Received date: May 31, 2018; Accepted date: June 07, 2018; Published date: June 14, 2018

Abstract

Background: Bacteria have been implicated in the pathogenesis of chronic rhinosinusitis (CRS), but their role as instigator or propagator is poorly understood. A. xylosoxidans has been rarely reported in bacterial sinus cultures in the literature, but may play a role in patients with CRS. This study aims to examine the clinical and microbiological characteristics, risk factors, and recalcitrance in patients with CRS who had Achromobacter identified by routine culture and/or molecular-based sequencing methods. Methods: Retrospective chart review was performed on all patients who had A. xylosoxidans identified by sinus cultures and/or molecular sequencing and were under care at UF Health rhinology practice between August 2013 to February 2017. Setting: Tertiary rhinology practice. Results: 18/18 CRS patients with Achromobacter identified by sinus sampling underwent previous functional endoscopic sinus surgery (FESS) (mean 2.2). These patients had undergone an average of 4.6 courses of oral antibiotics in the previous 24 months. 12/18 patients had asthma and 17/18 patients had CRS with polyps. 7/11 patients grew other bacteria in addition to Achromobacter on culture. A. xylosoxidans was identified by routine culture in 11 of 18 patients. Among these 11 patients, only 4 patients also had A. xylosoxidans identified by sequencing. All the Achromobacter isolates were susceptible to Trimethoprim/sulfamethoxazole (TMP/SMX) in vitro . Conclusions: To our knowledge, this is the first literature that reports the clinical characteristics of CRS patients with Achromobacter. Achromobacter infection in the sinuses may be a post-surgical disease, may have an association with airway disease, or may have an association with polymicrobial infections. Oral TMP/SMX may be an effective therapy in this patient population. Achromobacter may be a bystander or an instigator of this recalcitrant disease, and their role in CRS warrants further investigation.

Keywords

Microbiology, Sinus flora, DNA pyrosequencing, Endoscopic sinus surgery, Antibiotic therapy, Sinus culture, Chronic rhinosinusitis

Introduction

Chronic rhinosinusitis (CRS) affects over 30 million people in the United States and is associated with a significant reduction in quality of life [1]. The etiology of CRS is multifactorial and a unifying cause remains elusive.
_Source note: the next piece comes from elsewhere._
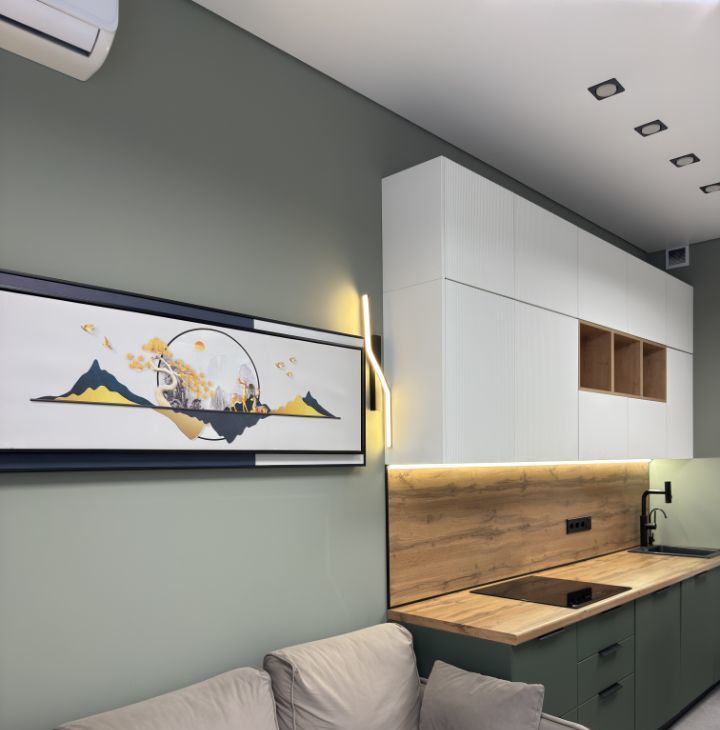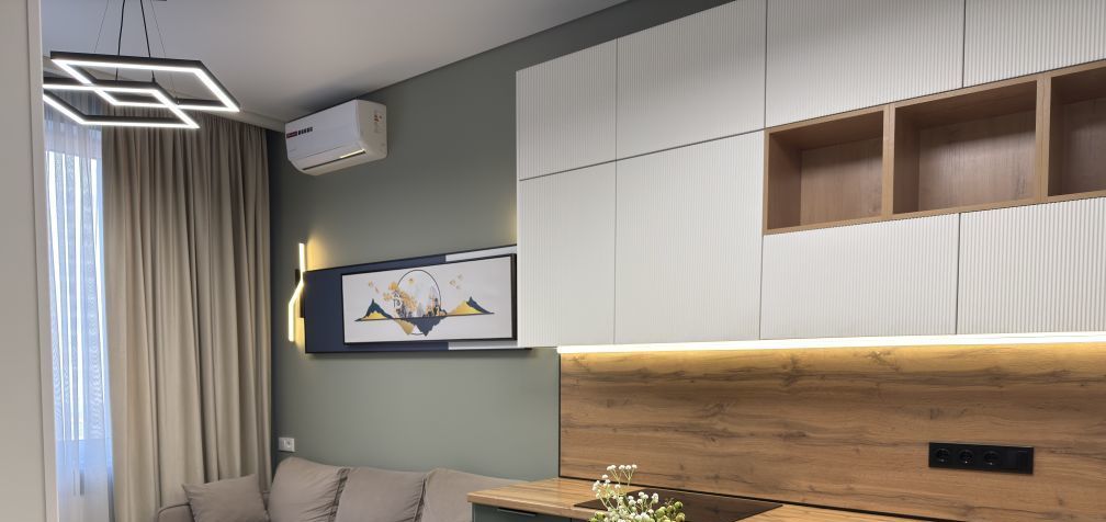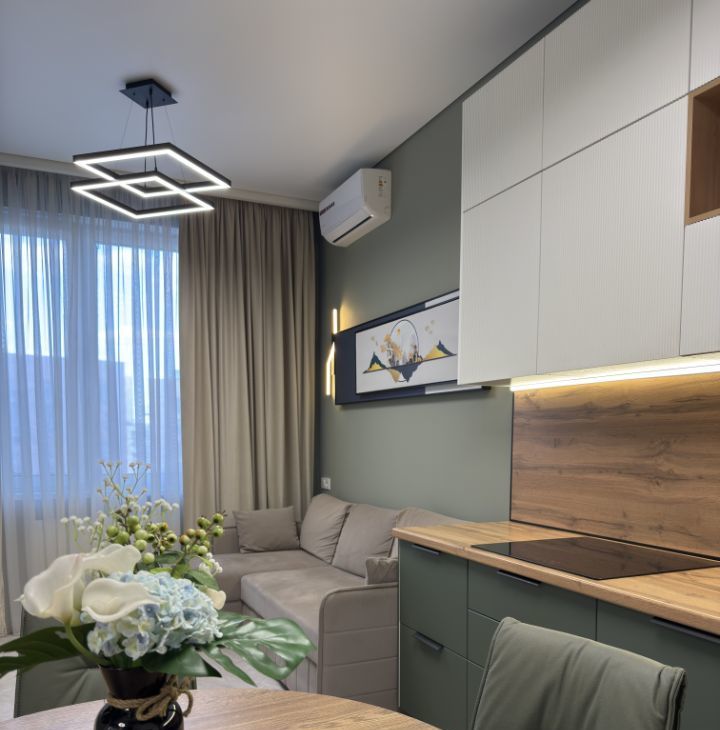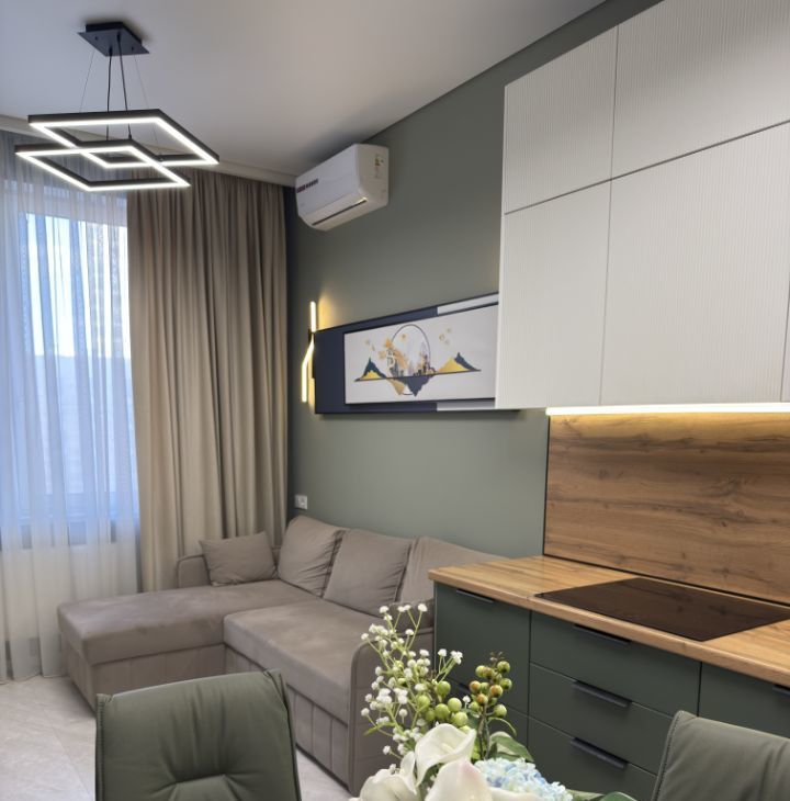 Просторная кухня-гостиная с удобным раскладывающимся диваном, телевизором Смарт, кондиционером).

Bacteria appear to play a role in CRS. However, their role as instigator versus propagator is poorly understood. Staphylococcal species and P. aeruginosa grow commonly in cultures of sinus purulence, but little is known about the prevalence and significance of less common organisms such as A. xylosoxidans.
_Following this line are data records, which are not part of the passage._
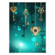 Or, clés antiques avec engrenages et cadrans accrochés sur chaînes dorées sur arrière - plan vert lumineux.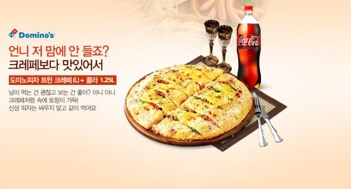 해당 이미지에는 “언니 저 맘에 안 들죠? 크레페보다 맛있어서… 남이 먹는 건 괜찮고 보는 건 좋아? 아니 아니… 신상피자는 싸우지 말고 같이 먹어요”라는 글이 적혀있다.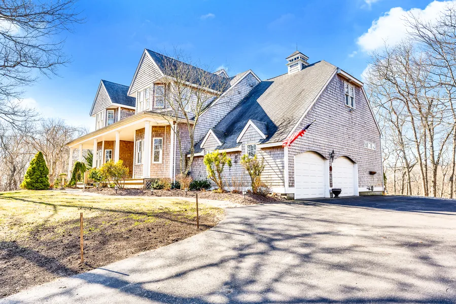 Perched high to capture views of the Atlantic, this custom-built cedar shingle home boasts one of the most serene settings in Charlestown. Sited on three private acres just over a mile from the beach, the comfort, luxury and style of this interior designer’s home are impeccable. An inviting front porch leads into a three-story foyer. The kitchen spans the rear of the house, where natural light spills in from the south facing windows. Equipped with professional grade amenities, custom cabinets and granite countertops, this is the heart of this home. The butler’s pantry leads into the formal dining room, and a living room with wood burning fireplace, an elegant study, and an office/bedroom off the mudroom complete the first floor. The primary bedroom enjoys the best ocean views in the home, with a sitting room, fireplace, walk-in closets, soaking tub, and marble shower. Two additional bedrooms share a bath, and a third is en-suite. The rooftop deck offers breathtaking views of the natural scenery and the ocean beyond. The 1500 s.f. finished lower level with bath is the perfect place for informal entertaining or private lodging for guests. The outdoor space is a true oasis, with a deck off the kitchen for dining and grilling, and a patio and firepit below. The flat terraced lawn is ideal for family gatherings and tent parties. This is a unique hilltop gem – so close to the beach, yet with unmatched space, privacy and acreage. Enjoy the full RI coastal experience in style.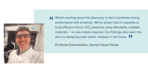 Using a low cost catalyst called caesium phosphomolybdate (CPM) helped the researchers from the University of Surrey to overcome the usual problems with Lithium-CO2 batteries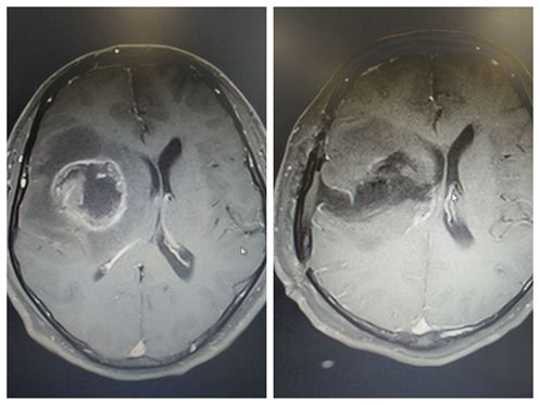 翦先生一直诉头痛得厉害,经检查发现病变位于右额叶内侧,周围脑组织水肿严重,颅内压力大,袁贤瑞教授建议马上手术治疗。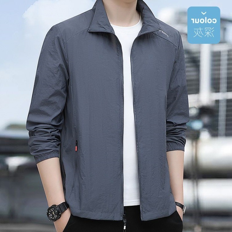 日焼け止め男性超薄皮膚夏通気速乾外着コート屋外格好いい立襟アウトドアスポーツ外6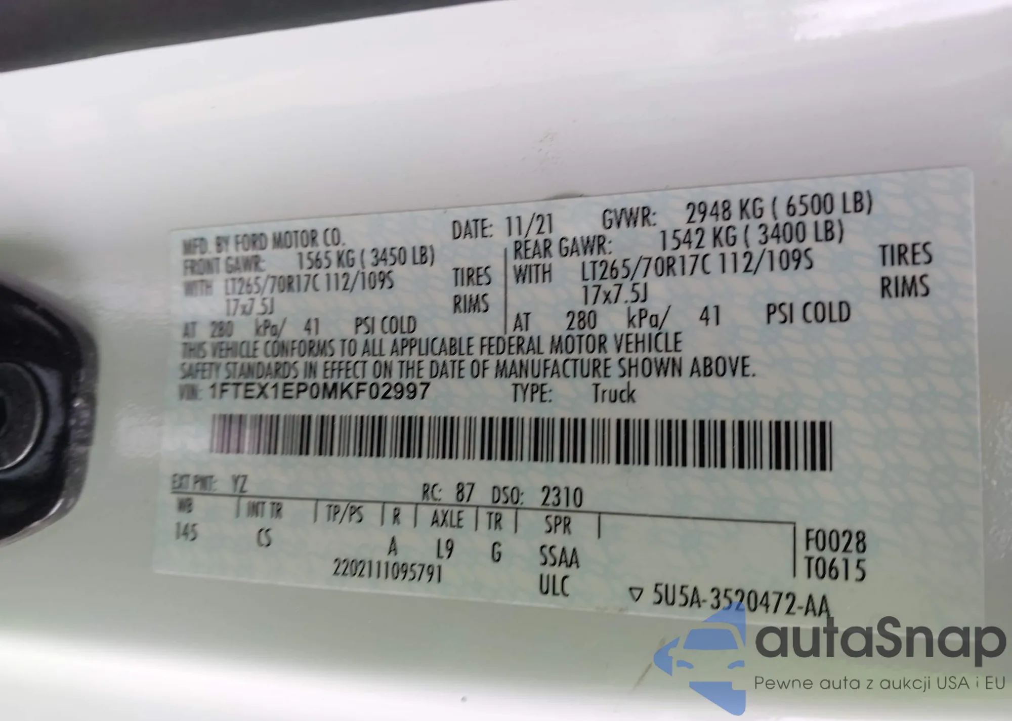 LOT: 42308799 VIN: 1FTEX1EP0MKF02997

Achromobacter is an aerobic, motile, nonfermenting, gramnegative bacillus with a worldwide distribution [2] found in water and soil, including swimming pools, well water, dialysis and chlorhexidine solutions. They can occasionally be recovered from respiratory and gastrointestinal tracts, primarily in persons with health care contact. A. xylosoxidans is the most clinically important organism of Achromobacter species. It was first isolated from patients with chronic otitis media in 1971 [3], and is probably part of the endogenous microbiome of the ear and gastrointestinal tract. A. xylosoxidans is a common contaminant of fluids and has been implicated in outbreaks of nosocomial infection associated with contaminated solutions, incubators and humidifiers, and contaminated soaps and disinfectants. A wide range of clinical illnesses are caused by or have been associated with A. xylosoxidans, including bacteremia, pneumonia, peritonitis, urinary tract infection, conjunctivitis, osteomyelitis, necrotizing pancreatitis, and prosthetic valve infection [4-11]. These organisms are capable of producing and surviving within biofilms. In patients with cystic fibrosis (CF), A. xylosoxidans and other Achromobacter species have been recovered with increasing frequency from respiratory secretions, although chronic colonization with Achromobacter species have not been associated with more rapid deterioration in pulmonary functions in CF patients. In CRS, the association and role of A. xylosoxidans have not been previously reported.

The purpose of this study was to examine the clinical characteristics, microbiome, risk factors, and recalcitrance in patients with CRS who had sinus secretions that were positive for A. xylosoxidans by standard microbiology culture and/or molecular sequencing.

Methods

A retrospective chart review of 600 patients who were treated by the senior author at a tertiary rhinology care institution at UF Health from August 2013 to February 2017 and demonstrated A. xylosoxidans on sinus culture and/or DNA sequencing analysis was conducted. Clinic notes and operative reports were reviewed for presenting symptoms, endoscopic characteristics, interventions, and outcomes. This study was approved by the Institutional Review Board at the University of Florida.

Samples were collected via standard endoscopically guided sterile brush and swab techniques per routine clinical care, and sent to UF Health microbiology laboratory for bacterial and fungal cultures and to PathoGenius laboratories (Lubbock, TX) for bacterial identification by sequencing (below). Not all patients had both routine culture and molecular assays performed. The senior author routinely took cultures of sinus purulence and sent for standard cultures, and reserved molecular testing for recalcitrant cases. Of the 19 patients with A. xylosoxidans positive culture between August 2013 and February 2017, one had a primary diagnosis of dacryocystitis and not CRS, and was thus excluded from the subsequent analysis.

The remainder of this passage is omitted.